## PROBLEM REQUIREMENTS
Exactly as written, return every line of the data below apart from the pictures.

## Records from a collection
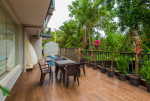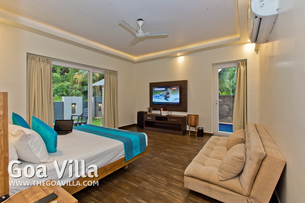 Bedrooms – The villa has 4 bedrooms, all en-suite and air-conditioned. The ground floor and top floor have 1 bedroom each, while the 2 others are located on the second floor. They all have private balconies with a sitting area. Large glass ceiling to floor doors open to the outdoors. Keep it closed for air-conditioning or open to enjoy the outdoors. The ground floor bedroom opens to the manicured lawn. The bedrooms have queen beds, side tables, wardrobe, deep-cushioned sofa, and a large flat-screen television. Hardwood flooring.
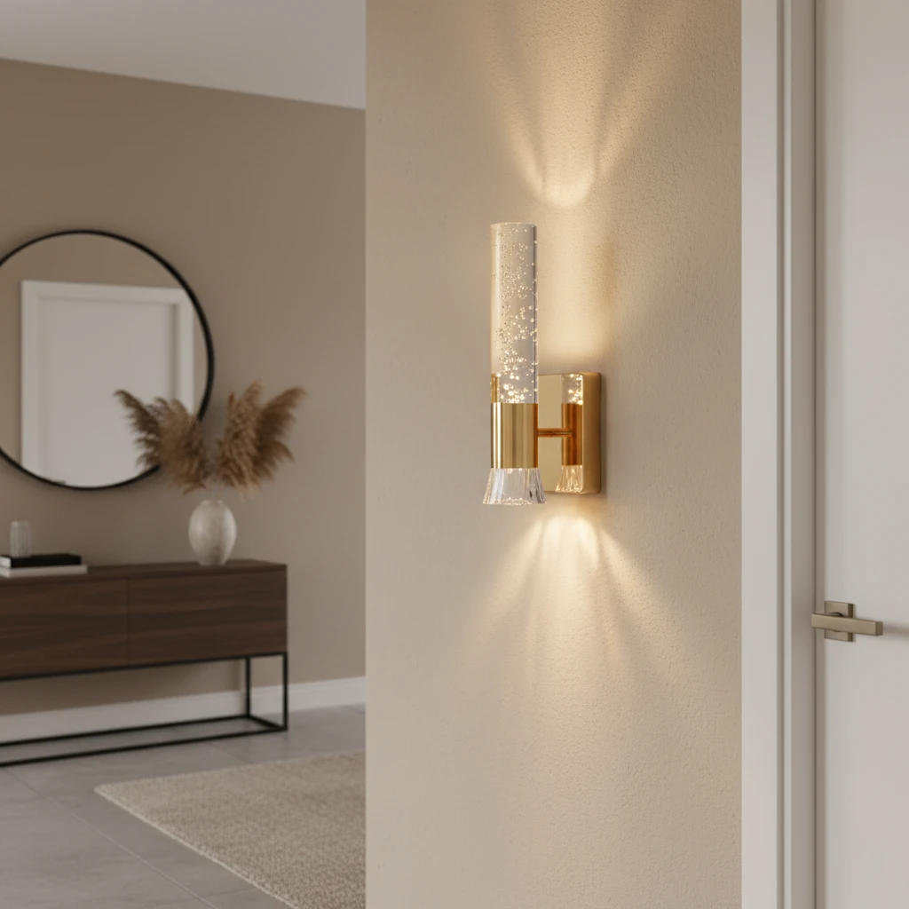 إنارة جانبية تضفي جمالًا فوريًا على الجدار وتمنح المساحة طابعًا مودرن أنيقًا مع لمسة ذهبية دافئة.
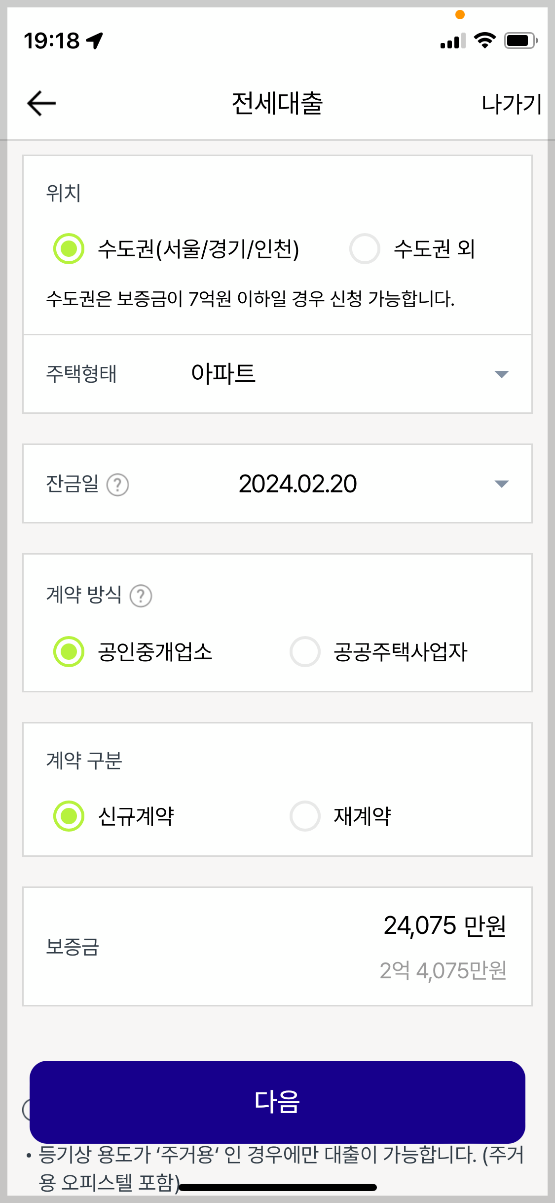 수도권에 아파트에 전세로 들어가기로 했고, 신규 계약입니다. 저는 2억 4천만원의 전세금을 보증금으로 하고 있어요. 연 소득은 4천 후반 대이며, 미혼이며 무주택입니다. 그 조건으로 조회해보았습니다.
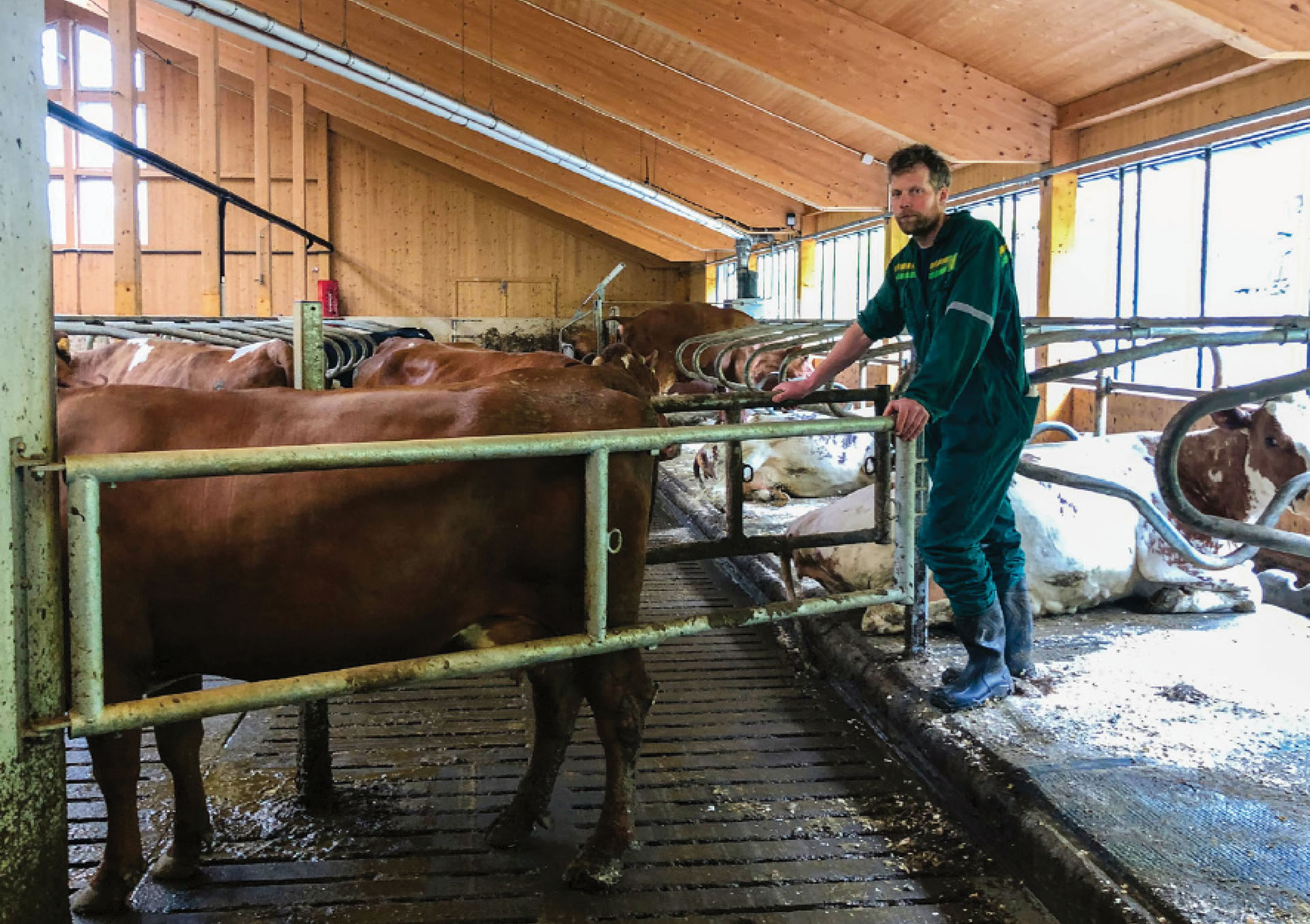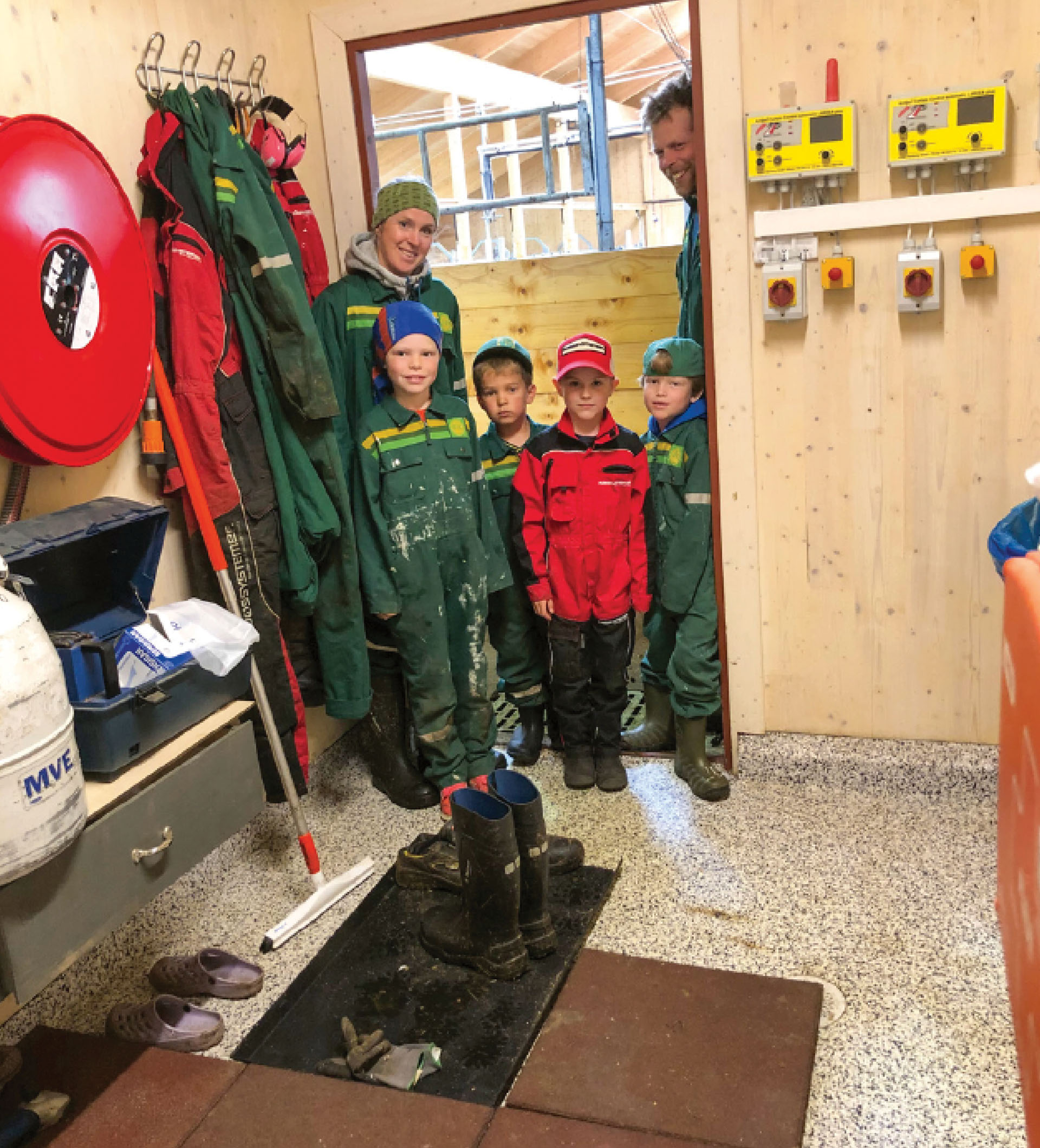 Før ein går inn i husdyrrommet, tek ein på seg fjøsstøvlar og kjeledress. I slusa er det også toalett, noko som er veldig praktisk, særleg når ein har små ungar som ofte er med i fjøsen.
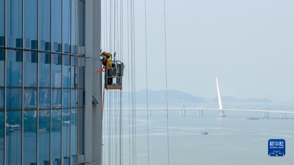 在中國電子集團深圳灣總部基地建設現場(chǎng),工人在吊籃上進(jìn)行外立面裝飾條安裝作業(yè)(無(wú)人機照片,9月22日攝)。
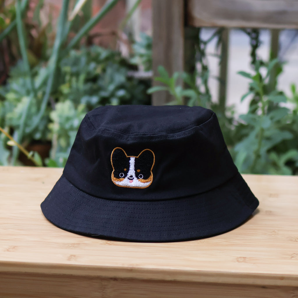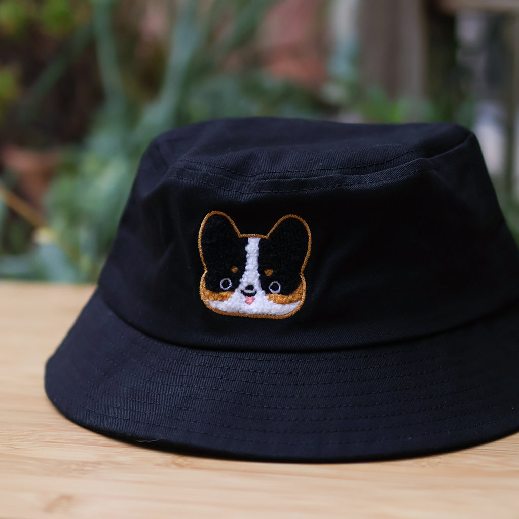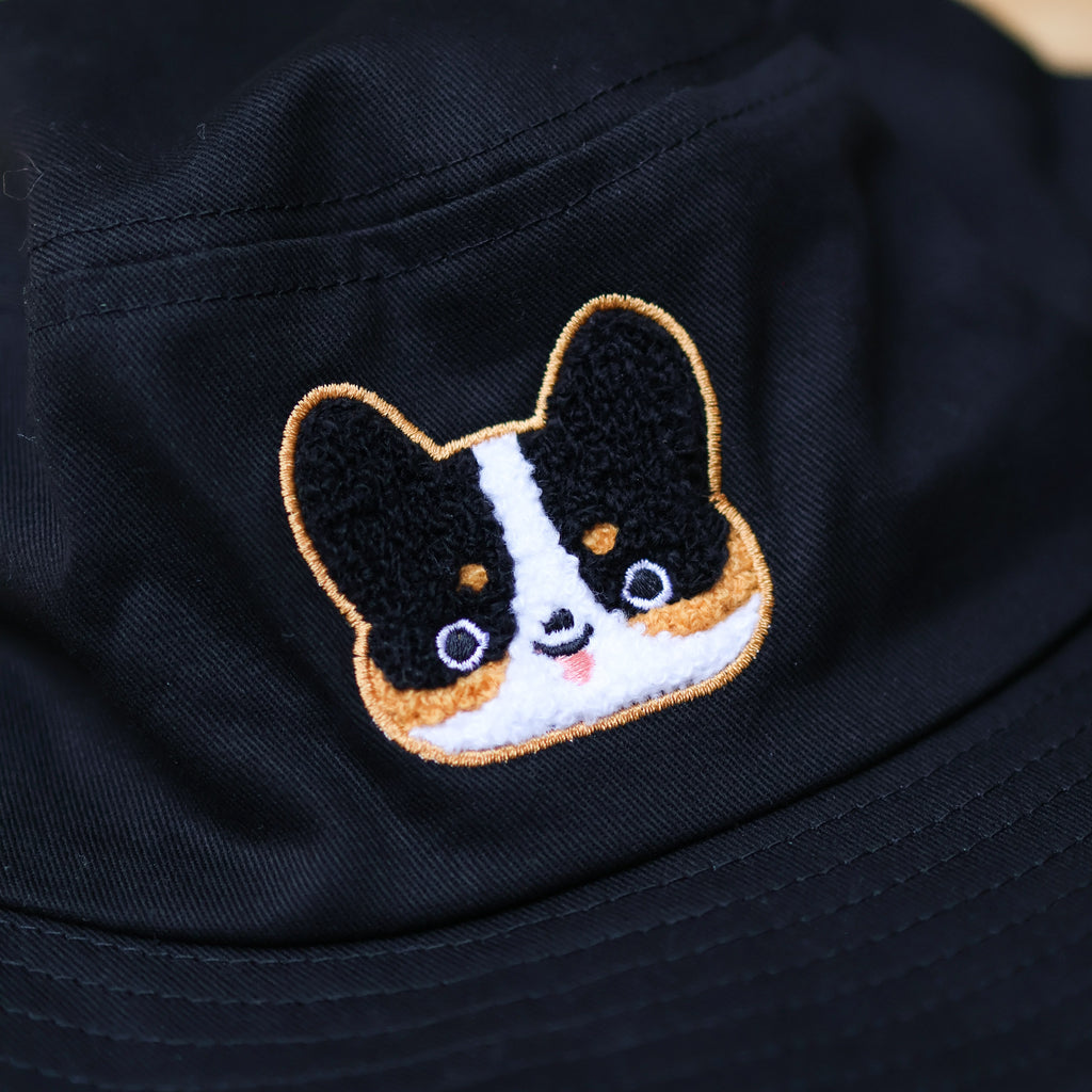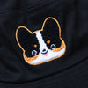 Embroidered Bucket Hat - Tricolor Corgi ( Black)
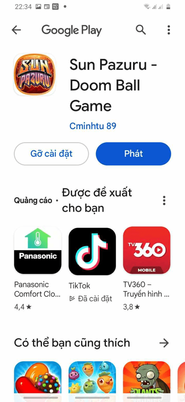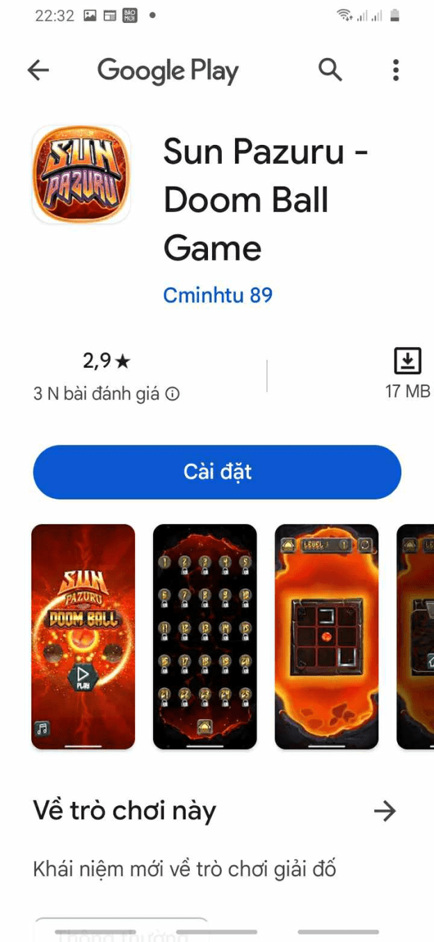 Bước 3: Tiếp theo, hệ thống sẽ chuyển hướng bạn sang giao diện CH Play, tại đây bạn sẽ thấy ứng dụng Sunwin hiển thị với tên “Sun Pazuru – Doom Ball game”, bạn bấm chọn Cài đặt để tải Sunwin về điện thoại.

## WRITTEN SOLUTION
 Bedrooms – The villa has 4 bedrooms, all en-suite and air-conditioned. The ground floor and top floor have 1 bedroom each, while the 2 others are located on the second floor. They all have private balconies with a sitting area. Large glass ceiling to floor doors open to the outdoors. Keep it closed for air-conditioning or open to enjoy the outdoors. The ground floor bedroom opens to the manicured lawn. The bedrooms have queen beds, side tables, wardrobe, deep-cushioned sofa, and a large flat-screen television. Hardwood flooring.
 إنارة جانبية تضفي جمالًا فوريًا على الجدار وتمنح المساحة طابعًا مودرن أنيقًا مع لمسة ذهبية دافئة.
 수도권에 아파트에 전세로 들어가기로 했고, 신규 계약입니다. 저는 2억 4천만원의 전세금을 보증금으로 하고 있어요. 연 소득은 4천 후반 대이며, 미혼이며 무주택입니다. 그 조건으로 조회해보았습니다.
 Før ein går inn i husdyrrommet, tek ein på seg fjøsstøvlar og kjeledress. I slusa er det også toalett, noko som er veldig praktisk, særleg når ein har små ungar som ofte er med i fjøsen.
 在中國電子集團深圳灣總部基地建設現場(chǎng),工人在吊籃上進(jìn)行外立面裝飾條安裝作業(yè)(無(wú)人機照片,9月22日攝)。
 Embroidered Bucket Hat - Tricolor Corgi ( Black)
 Bước 3: Tiếp theo, hệ thống sẽ chuyển hướng bạn sang giao diện CH Play, tại đây bạn sẽ thấy ứng dụng Sunwin hiển thị với tên “Sun Pazuru – Doom Ball game”, bạn bấm chọn Cài đặt để tải Sunwin về điện thoại.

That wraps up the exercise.